Fixing spacing on integral
You can use the \mathrlap
command, from mathtools. Unrelated: don't use $$ ... $$
, which is a plain TeX construct. Use the LaTeX construct \[ ... \]
instead.
\documentclass{article}
\usepackage{mathtools}
\begin{document}
\[ f(z) = \frac{1}{1-\vert z \vert} \int_{B(\mathrlap{z,1-\vert z\vert)}} f(z)\,\mathrm dz \]
\end{document}
You can manually shift the part using \hspace{-3em}
(which I don't personally prefer) or use \int\limits_{...}
instead.
\documentclass{article}
\begin{document}
$\displaystyle f(z) = \frac{1}{1-\vert z \vert} \int_{B(z,1-\vert z\vert)} \hspace*{-3em}f(z) dz$\\[4ex]
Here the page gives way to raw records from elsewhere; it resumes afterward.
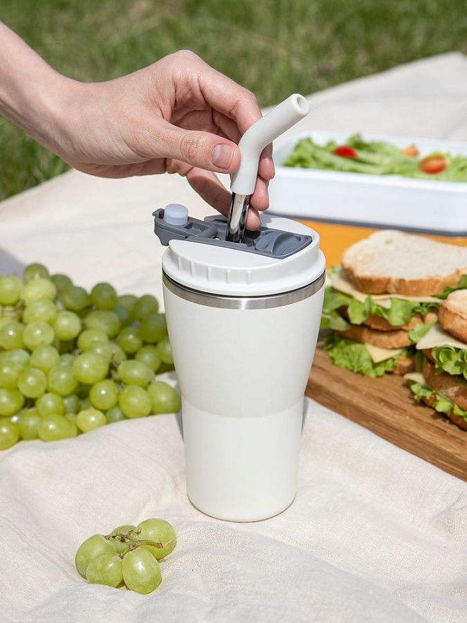 - 2 крышки в комплекте: одна на 100% герметичная с механизмом блокировки отверстия для питья, вторая — с отверстием для трубочки
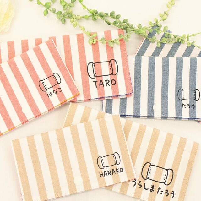 画像掲載商品:ストライプカラー♪お名前プリントのマスクケース
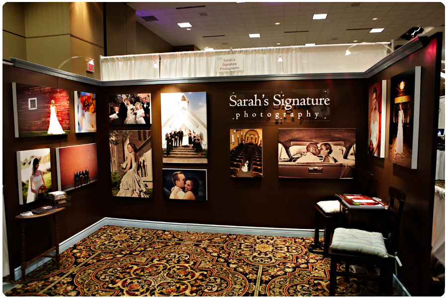 Bridal shows can be chaotic, hectic and pretty overwhelming. Not the most ideal environment to book a client.  So we designed our booth this year to be bigger but minimalistic. We got one of 6 premium booths that was 12 feet wide and 6 feet deep. I thought this would better allow traffic to flow into our booth and give a good surface area to display lots of larger prints. We also had a small seating area to look at albums. That was it! No obtrusive tables, no collage of prints on easels and no massive LCD TV slideshow on a constant loop. Just tangible prints at sizes no smaller than 16×20. We got some great feedback! We were also able to meet a few of our brides that have already booked us for 2010 and 2011! It was great to see everyone and we can not wait to shoot your wedding!

$\displaystyle f(z) = \frac{1}{1-\vert z \vert} \int\limits_{B(z,1-\vert z\vert)} f(z) dz$\\[4ex]
\end{document}
You have several options:
\documentclass{article}
\usepackage{amsmath,mathtools}
\DeclarePairedDelimiter{\abs}{\lvert}{\rvert}
\newcommand{\lowersub}{\smash[b]{\vphantom{\bigg|}}}
\begin{document}
\begin{gather}
f(z) = \frac{1}{1-\abs{z}} \int_{B(z,1-\lvert z\rvert)} f(z)\,dz \\[2ex]
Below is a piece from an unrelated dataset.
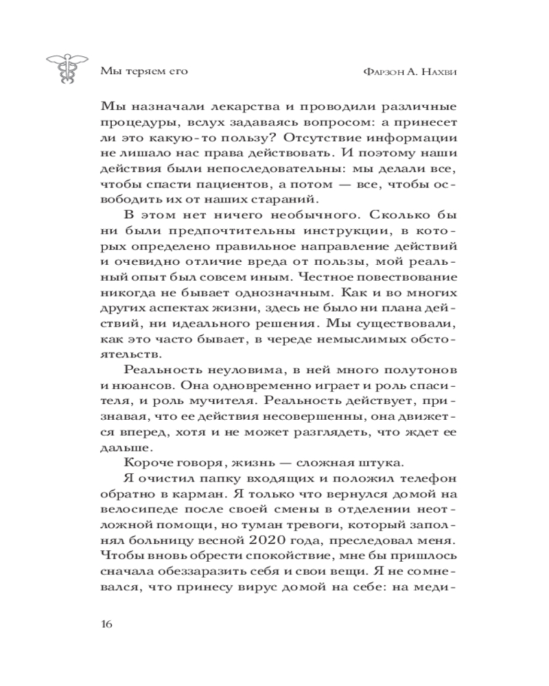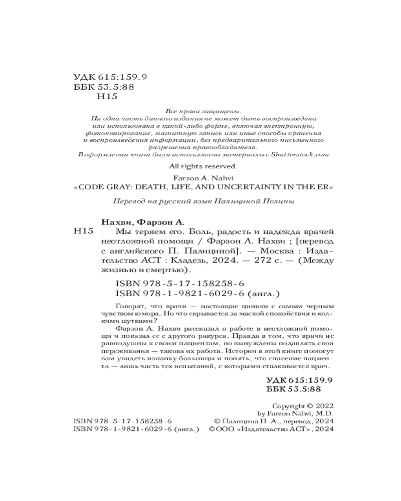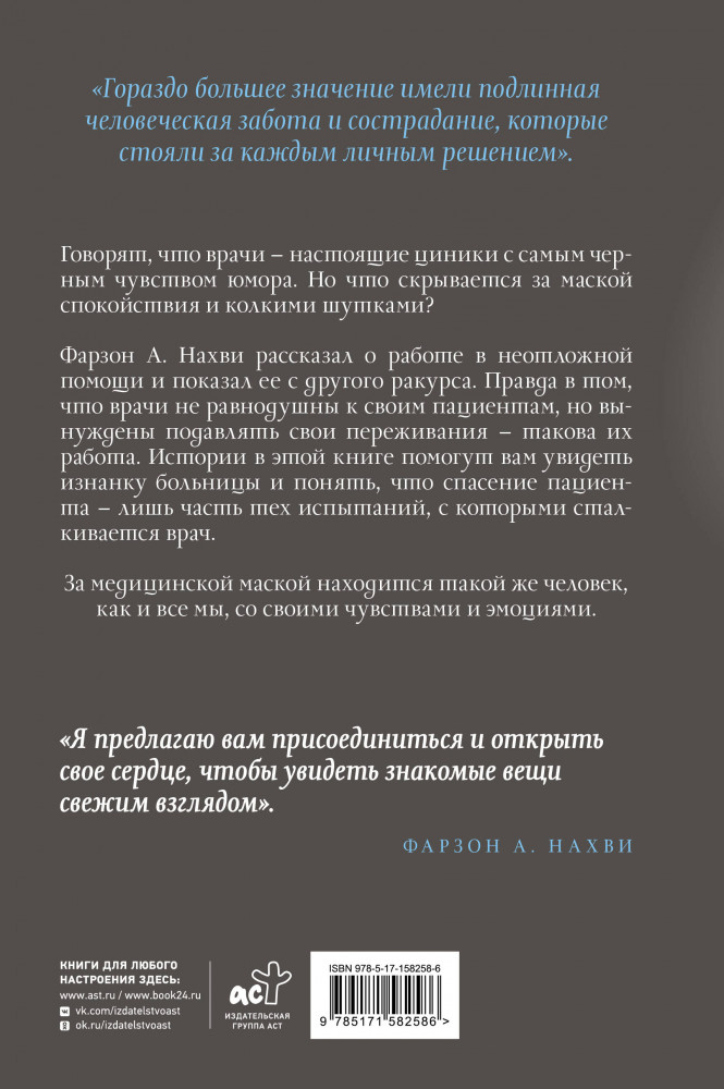 💳 Оплатить за товар можно при получении 🇰🇿 Есть бесплатная доставка по Казахстану от 1 дня 🎁 Копите бонусы с каждой покупки Серия: Между жизнью и смертью Говорят, что врачи — настоящие циники с самым черным чувством юмора. Но что скрывается за маской спокойствия и колкими шутками? Фарзон А. Нахви рассказал о работе в неотложной помощи и показал ее с другого ракурса. Правда в том, что врачи не равнодушны к своим пациентам, но вынуждены подавлять свои переживания — такова их работа. Истории в этой книге помогут вам увидеть изнанку больницы и понять, что спасение пациента — лишь часть тех испытаний, с которыми талкивается врач. |

f(z) = \frac{1}{1-\abs{z}} \int_{B(z,1-\lvert z\rvert)} \hspace{-1em} f(z)\,dz \\[2ex]
f(z) = \frac{1}{1-\abs{z}} \int_{\lowersub B(z,1-\lvert z\rvert)} \hspace{-1em} f(z)\,dz \\[2ex]
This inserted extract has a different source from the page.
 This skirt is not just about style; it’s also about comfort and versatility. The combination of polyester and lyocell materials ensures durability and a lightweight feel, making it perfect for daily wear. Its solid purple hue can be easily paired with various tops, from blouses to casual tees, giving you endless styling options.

f(z) = \frac{1}{1-\abs{z}} \int\limits_{B(z,1-\lvert z\rvert)} f(z)\,dz \\[2ex]
f(z) = \frac{1}{1-\abs{z}} \int\limits_{B(z,1-\lvert z\rvert)} \hspace{-1em} f(z)\,dz \\[2ex]
f(z) = \frac{1}{1-\abs{z}} \smashoperator[r]{\int\limits_{B(z,1-\lvert z\rvert)}} f(z)\,dz
\end{gather}
\end{document}
(1) is the default.
(2) should be avoided, because the subscript clashes with the function; even worse if the amount of backing up is larger.
(3) corrects a bit what is in (2), but I'd avoid large backup anyway.
(4) is fine, in my opinion.
(5) could be an improvement for somebody.
(6) could also be an improvement, but is too tight to my eyes.